**RECORDS SHOWN:**
● ● ● ●
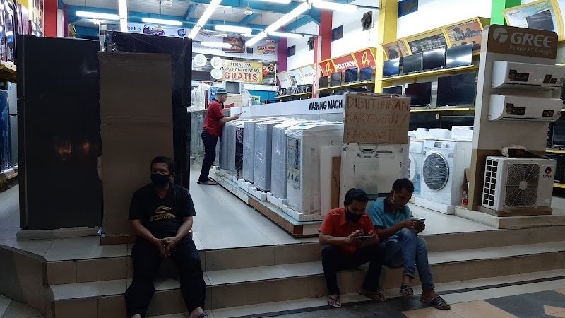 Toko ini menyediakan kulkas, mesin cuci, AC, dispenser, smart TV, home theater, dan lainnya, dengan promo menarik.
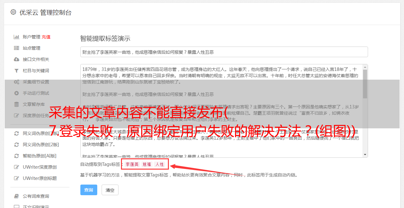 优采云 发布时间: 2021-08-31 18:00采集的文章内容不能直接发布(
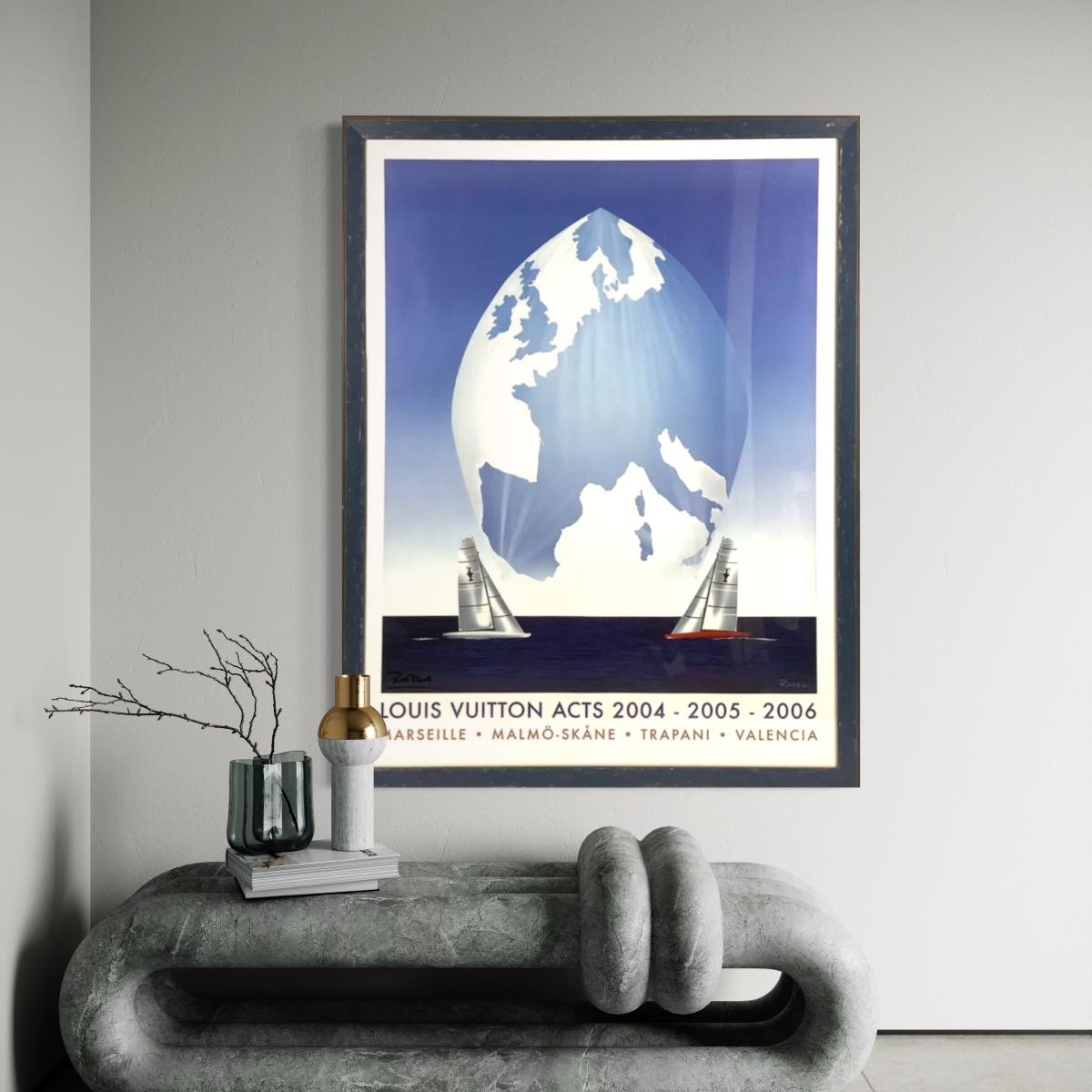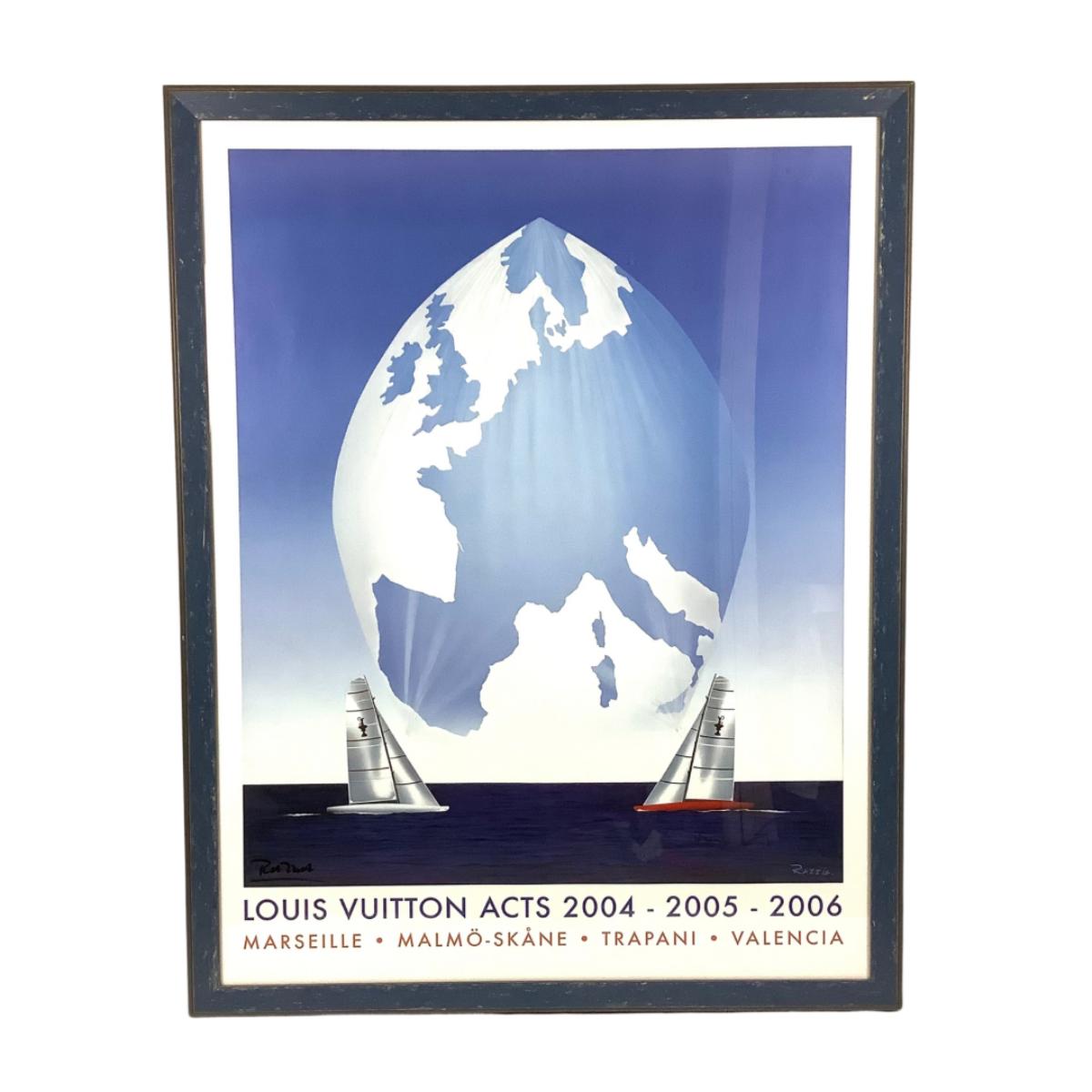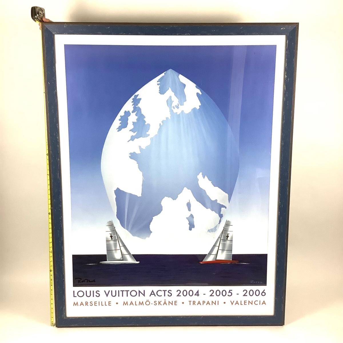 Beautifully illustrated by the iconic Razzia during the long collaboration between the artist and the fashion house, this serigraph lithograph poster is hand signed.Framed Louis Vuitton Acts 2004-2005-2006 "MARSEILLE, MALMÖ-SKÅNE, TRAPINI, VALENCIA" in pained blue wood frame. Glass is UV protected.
● ● ● ●
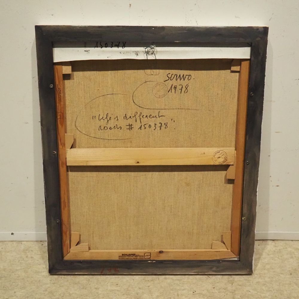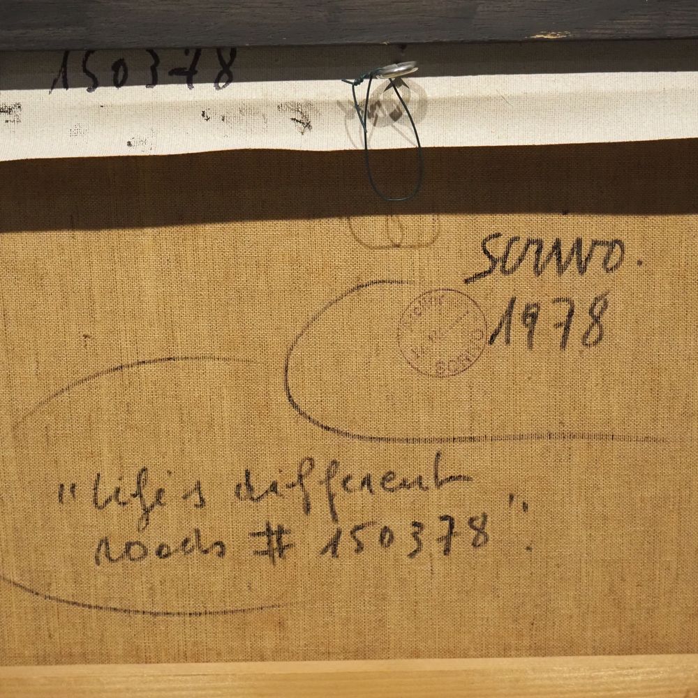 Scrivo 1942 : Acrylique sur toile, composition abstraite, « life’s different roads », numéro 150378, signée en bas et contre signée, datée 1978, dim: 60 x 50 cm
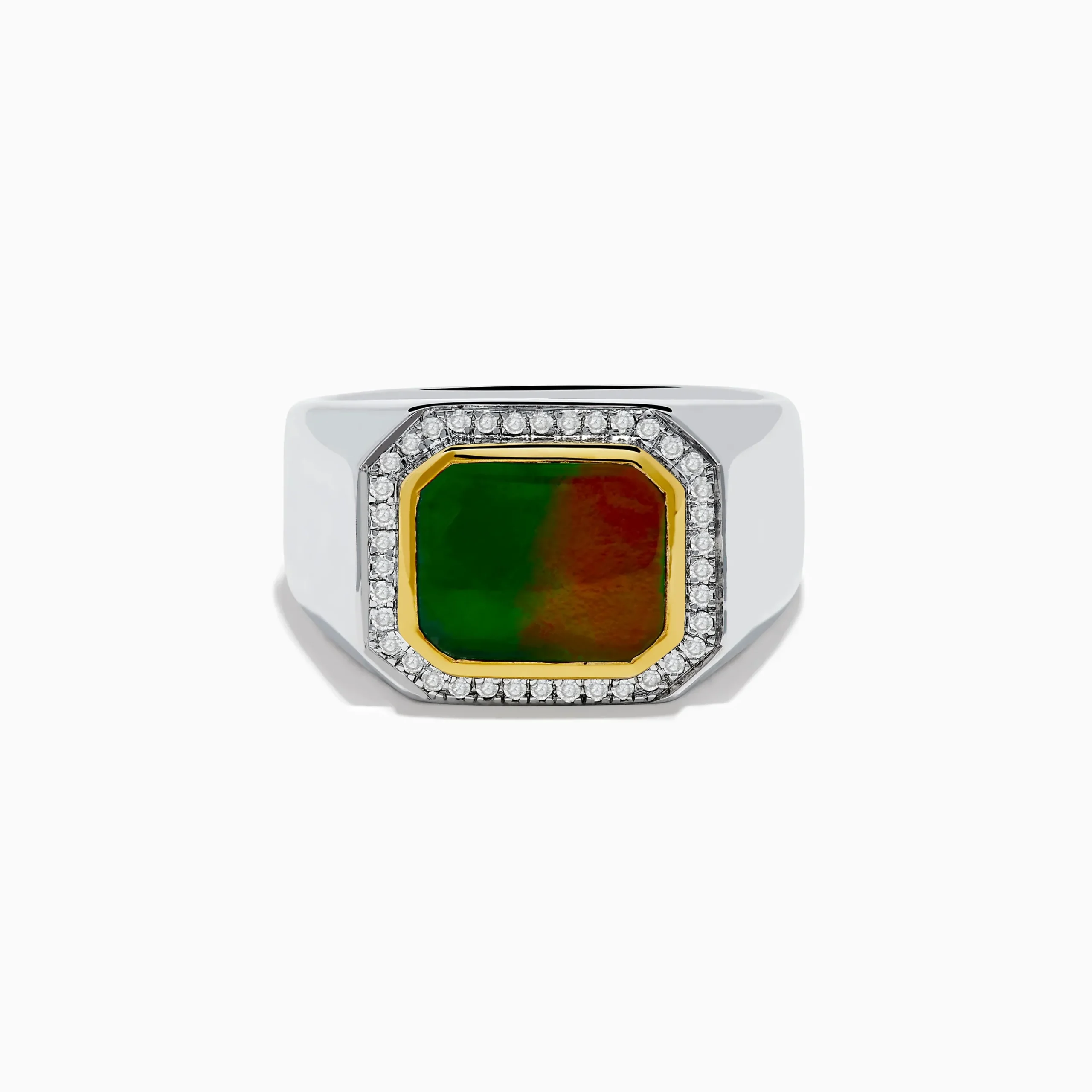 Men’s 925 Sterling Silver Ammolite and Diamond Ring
● ● ● ●
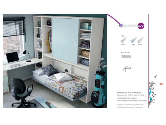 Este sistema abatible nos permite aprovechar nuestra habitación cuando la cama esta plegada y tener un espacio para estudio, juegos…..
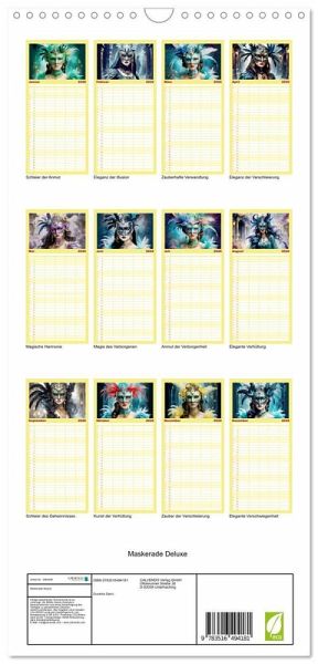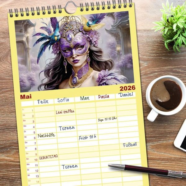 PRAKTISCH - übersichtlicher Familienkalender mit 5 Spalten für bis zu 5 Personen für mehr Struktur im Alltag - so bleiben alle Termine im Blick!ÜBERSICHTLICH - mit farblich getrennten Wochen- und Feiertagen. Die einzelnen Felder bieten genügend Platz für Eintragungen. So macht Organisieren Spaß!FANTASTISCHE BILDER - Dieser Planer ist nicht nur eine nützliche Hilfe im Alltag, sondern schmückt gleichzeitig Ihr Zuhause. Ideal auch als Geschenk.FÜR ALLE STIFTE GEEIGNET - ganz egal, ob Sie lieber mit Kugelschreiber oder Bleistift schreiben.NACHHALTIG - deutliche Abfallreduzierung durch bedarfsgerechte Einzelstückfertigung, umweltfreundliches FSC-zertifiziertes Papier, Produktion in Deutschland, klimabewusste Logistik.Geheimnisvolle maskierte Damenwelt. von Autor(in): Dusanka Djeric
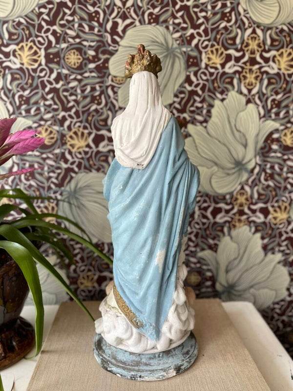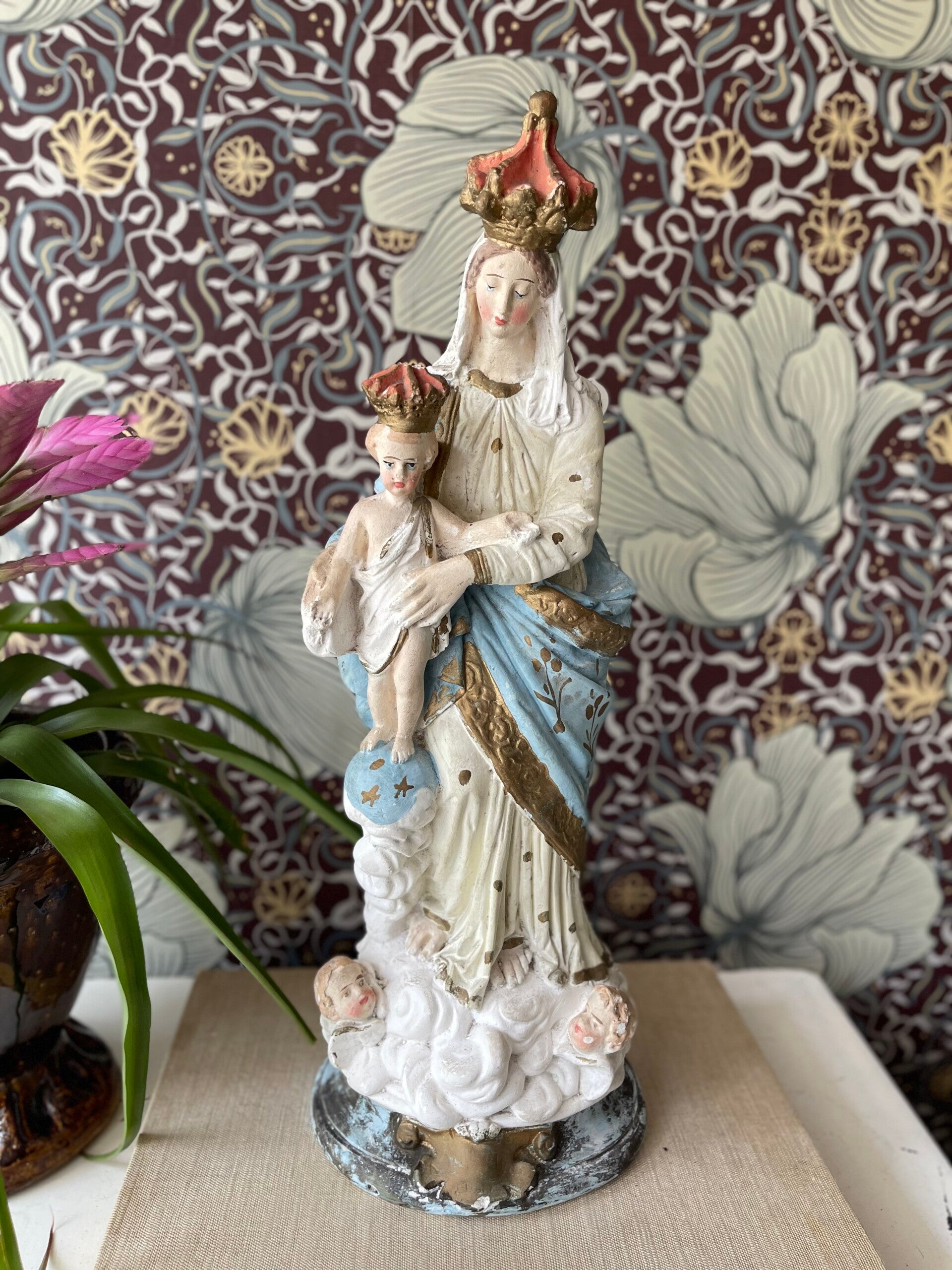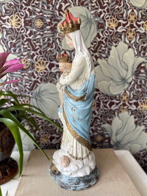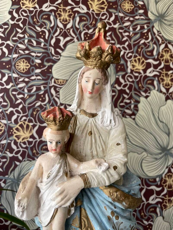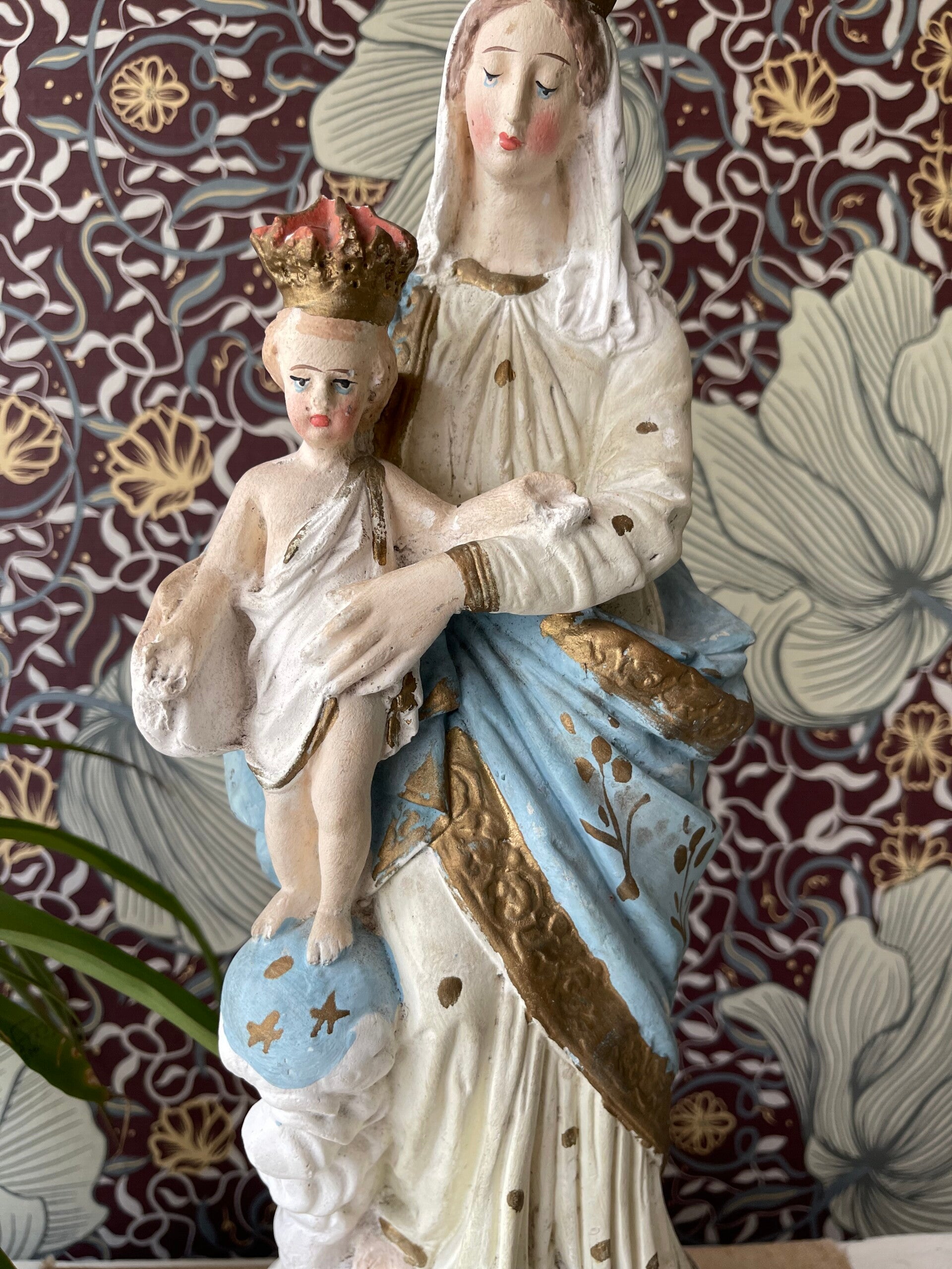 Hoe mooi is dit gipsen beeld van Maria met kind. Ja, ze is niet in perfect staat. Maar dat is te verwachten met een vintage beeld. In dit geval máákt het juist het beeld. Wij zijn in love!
● ● ● ●
**YOUR GOAL:**
Although pictures appear among the entries, please set down only the lines from the one with "Toko ini menyediakan" up to and including the one with "Beautifully illustrated by", word for word.

**ANSWER SPACE:**
 Toko ini menyediakan kulkas, mesin cuci, AC, dispenser, smart TV, home theater, dan lainnya, dengan promo menarik.
 优采云 发布时间: 2021-08-31 18:00采集的文章内容不能直接发布(
 Beautifully illustrated by the iconic Razzia during the long collaboration between the artist and the fashion house, this serigraph lithograph poster is hand signed.Framed Louis Vuitton Acts 2004-2005-2006 "MARSEILLE, MALMÖ-SKÅNE, TRAPINI, VALENCIA" in pained blue wood frame. Glass is UV protected.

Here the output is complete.